Page 11 of A Passage of Stars


  “What does that mean?” demanded Kuan-yin.

  “We must inform you first of all that our ship is not hooked to this station but is in free orbit, and that by itself our ship has enough firepower to—shall we say—render this station inoperable and uninhabitable. Much as we must admire your military prowess in so swiftly and comprehensively taking control of—what do they call it?”—a chuckle—“Nevermore—really, how droll—you have no chance against superior weaponry.”

  “This may be true,” said Kuan-yin, “but you would die as well.”

  “Ah, death.” Kyosti examined the ceiling. “Sweet bedfellow. But we are simple pawns. And the shuttle docked here is a mere trifle. But after all”—he smiled warmly at the grim-faced Kuan-yin—“we are not enemies. We seek a handful of individuals who have committed a few violent crimes. When we have them all, we will go, quite quietly, I assure you.”

  “Where will you go?” asked Kuan-yin.

  Into the silence made by Kyosti adjusting his sleeves, Lily lifted her head to find Jehane staring at her with intense interest. It was utterly unnerving, and overwhelming. “Back,” she said, answering his unspoken question. “They’ll go back, over the way.”

  “To the lost home worlds,” he murmured. His eyes had the cold, enticing glitter of emeralds. “You are one of those they came to find.”

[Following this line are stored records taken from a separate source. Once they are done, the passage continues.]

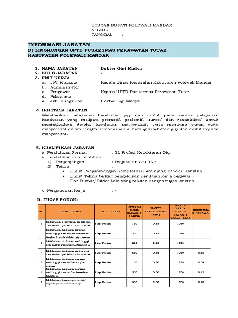 1. NAMA JABATAN : Dokter Gigi Madya
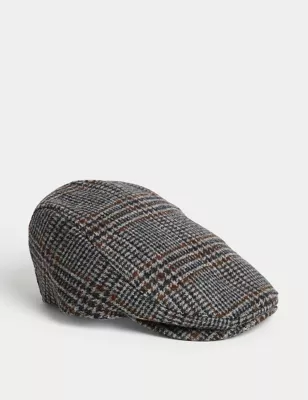 Pure Wool Checked Flat Cap With Stormwear™
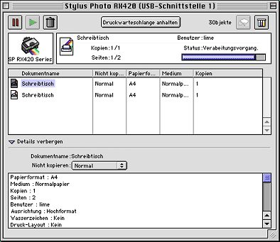 Der EPSON Spool Manager ähnelt dem Windows Druck-Manager. Gehen mehrere Druckaufträge gleichzeitig ein, werden sie aneinander gereiht (bei Netzwerkdruckern wird dies als Druck-Warteschlange bezeichnet). Erreicht ein Druckauftrag den Anfang der Warteschlange, wird er vom Spool Manager zum Drucker übertragen. Vom Spool Manager aus können Sie Druckaufträge abbrechen. Darüber hinaus können Sie sich Informationen zum Druckstatus der an das Gerät übertragenen Druckaufträge anzeigen lassen, und Sie können ausgewählte Druckaufträge anhalten und erneut starten.
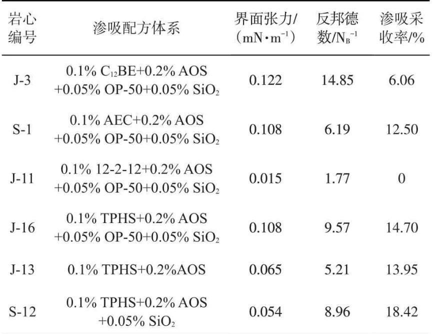 為驗證TPHS活性納米流體在滲吸采收率的應(yīng)用,采用靜態(tài)滲吸實驗開展TPHS及常見表面活性劑復(fù)配溶液滲吸效果對比研究,巖心的基本物性參數(shù)見表2,不同體系與原油間的界面張力、所計算的反邦德數(shù)和滲吸采收率結(jié)果見表3,結(jié)果表明在滲吸過程中毛管力起主導(dǎo)作用。
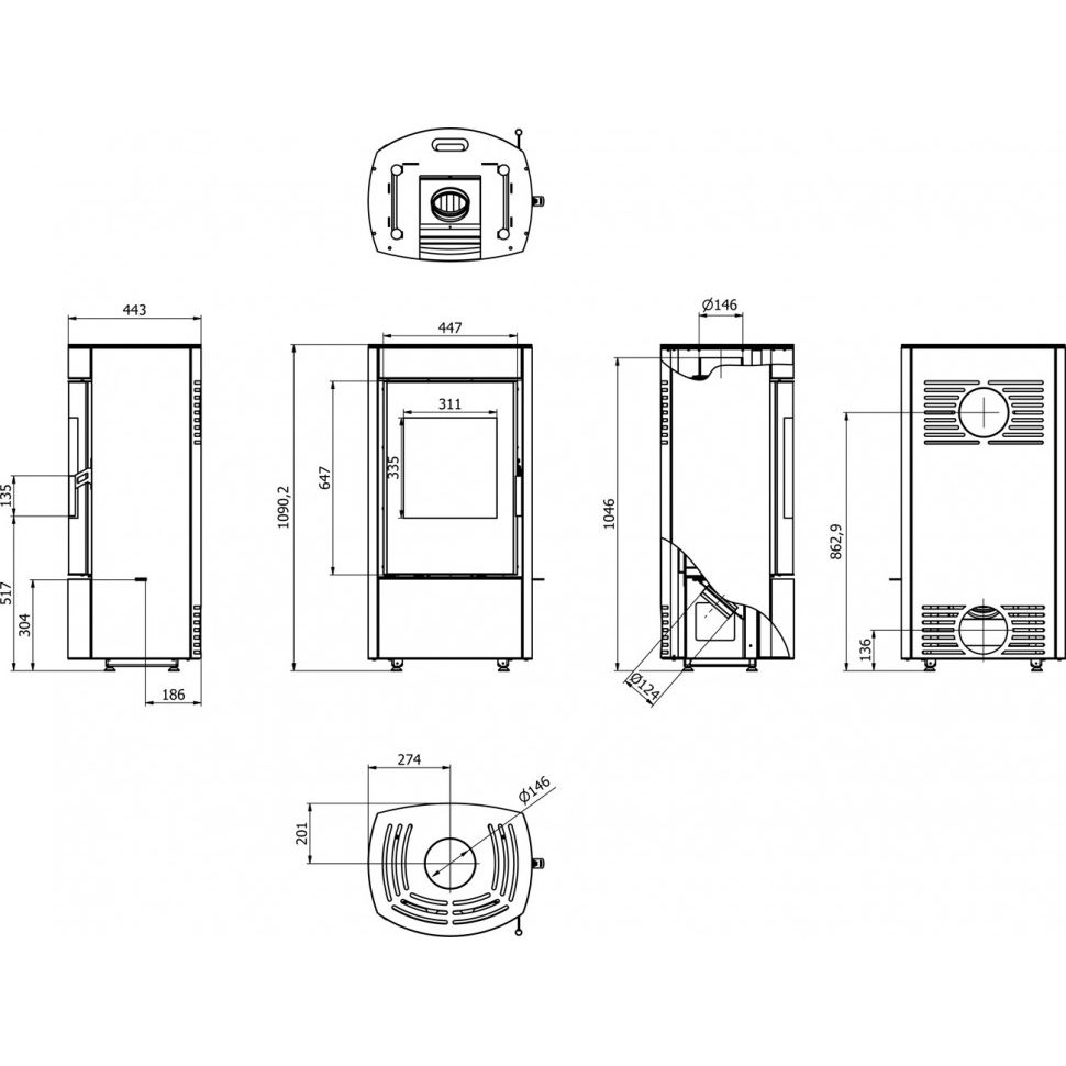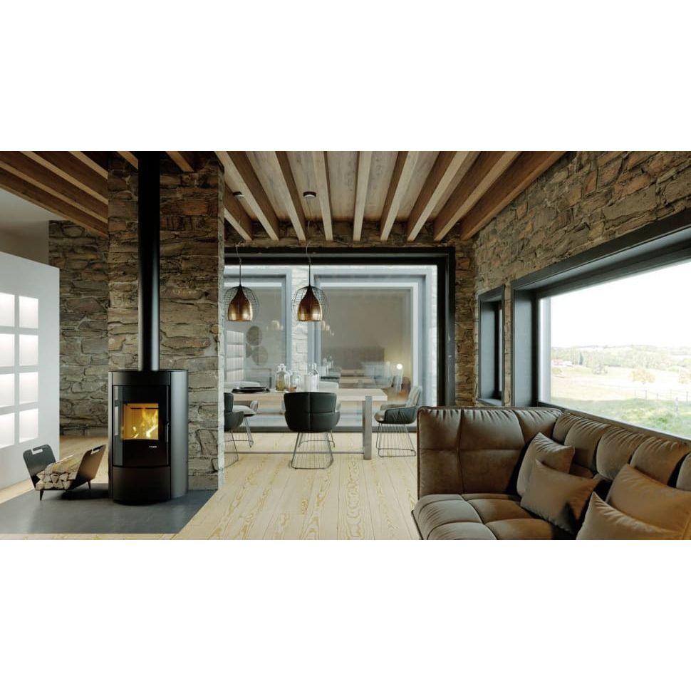 Печь оснащена системой конвекционного нагрева, что способствует равномерному распределению тепла по помещению. Возможность подключения центральной подачи воздуха сзади или снизу расширяет варианты установки. Модель подойдет тем, кто ищет надежное и экономичное отопительное оборудование с современным дизайном и длительным сроком службы.

  “No,” said Lily quickly. “I’m not. They just think I am. It was a mistake.”

  “No need to fear me.” His voice was soft. “We can help each other.”

  But she did fear him, feared his power to usurp her volition. With great effort, she forced herself to turn away and look down again.

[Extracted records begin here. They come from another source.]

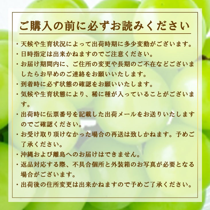 ※梱包工程に置いて最善を尽くし、丁寧に梱包しておりますが葡萄が脱粒する場合もございますので、ご了承願います。
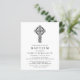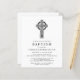 An elegant budget-friendly baptism invitation featuring an illustration of a Celtic cross and simple modern typography.
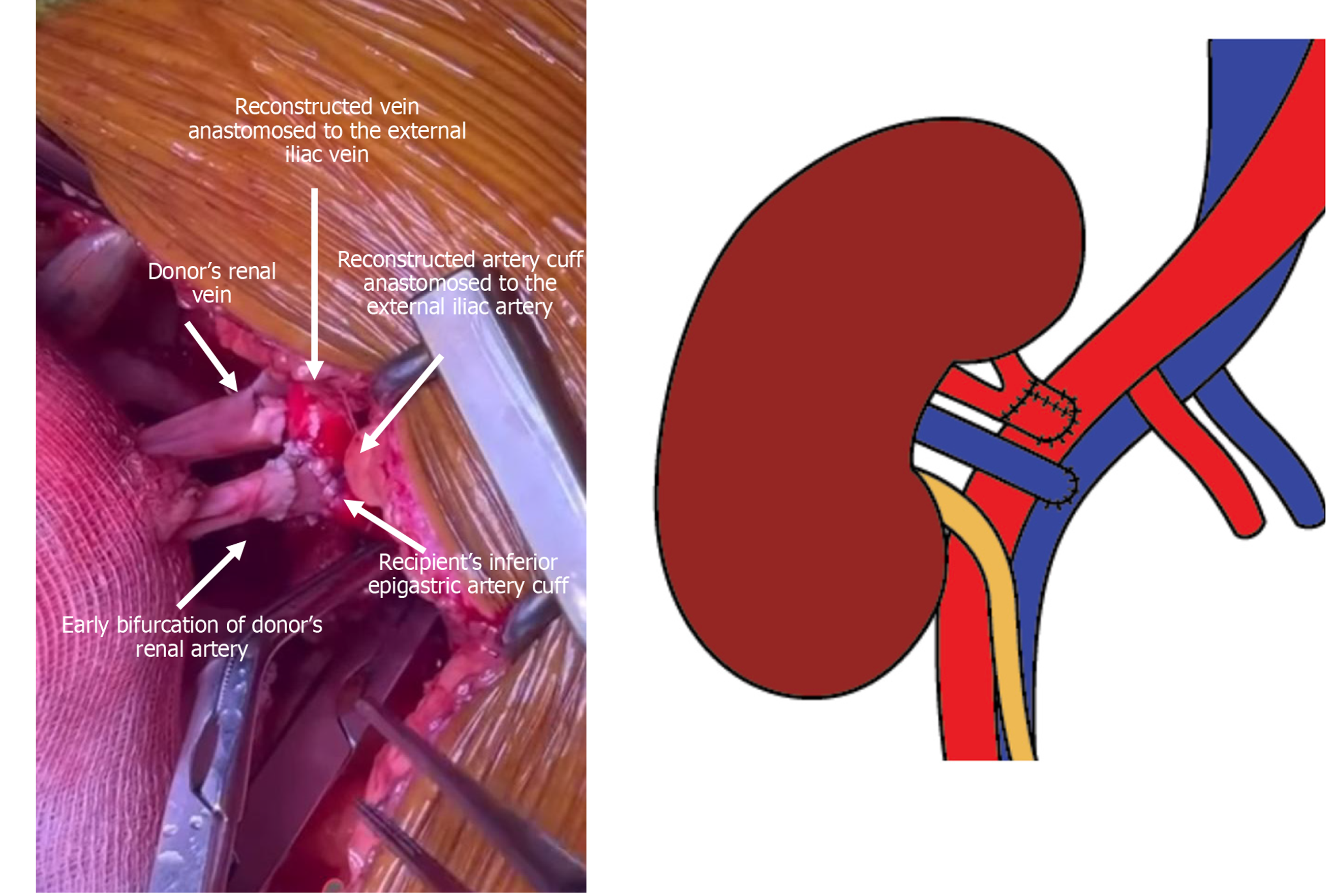 Core Tip: Due to the ongoing shortage of deceased donors, kidney transplantation has increased as a strategy to expand the donor pool. However, this rise has brought increased encounters. We report a successful transplantation involving a kidney with a short renal artery from a living donor, using inferior epigastric artery as a cuff interposition for arterial reconstruction. To our knowledge, this is the first documented case of using epigastric artery in this manner. This novel technique appears to be a promising solution to prevent early thrombosis caused by vessel size discrepancy, and mid- to long-term anastomotic stenosis due to myo-intimal hyperplasia.

  “Well,” said Kuan-yin in the room below. “You’ve had enough time to think.”

  “My bane,” replied Kyosti with an exaggerated sigh. “Too much time to think.” Anjahar stifled a noise suspiciously like a laugh. The angry rush of red had subsided from his cheeks; he looked as if he were enjoying himself. Maria’s face remained impassive. “But!” Kyosti raised one hand in a patrician’s gesture. “Do not be hasty. You call your regions of space the Reft, I believe. We are from beyond it. We are”—he stood and made a gracefully florid bow to Kuan-yin—“your ancestors.”

  “As I thought,” said Jehane in an astonishingly hard voice. He lifted his wrist band to his mouth, spoke into it.

  Kuan-yin turned and walked to the door. “These men will escort you back to your cell,” she said.

  Kyosti blinked and turned to address the black wall. “Have I miscalculated?” he asked.

  “Not entirely,” said Jehane in a low voice, as if in answer. “But close enough.” He watched as the entire party left the room.

  “A handful of individuals for a few violent crimes.” It rang in Lily’s head, that phrase. Heredes, a criminal? Had they already killed him? Were they just cleaning up his associates? Herself among them? Bach drifted down and nudged gently at her back, like a reassurance. She laid a hand on his gleaming surface.

  “Lilyaka Hae Ransome.” Jehane’s voice, not at all loud, permeated the atmosphere of the little room. He was regarding her with the same expression the Sar had when examining the first fruits of a new vein: Will this be worthwhile to mine? Will it prove valuable? “An interesting choice of name.”

  “How did you take Nevermore?” she asked abruptly.

  “Never reveal your deepest secrets, my child,” he said, “except to your heir when you are on your deathbed.” He sat, a slow curling of his body. His uniform, for it was a close copy of the others she had seen below, was not white but a deep brown that set off his golden hair and green eyes, suggesting that agricultural world, that paradise, that a child like Paisley must ever yearn for. “But,” he added, “with the entire Ridani population behind me, as well as the many, many discontent who have at last chosen to act, at an isolated station it proves easy enough to dismantle Central’s authority and create a true people’s government.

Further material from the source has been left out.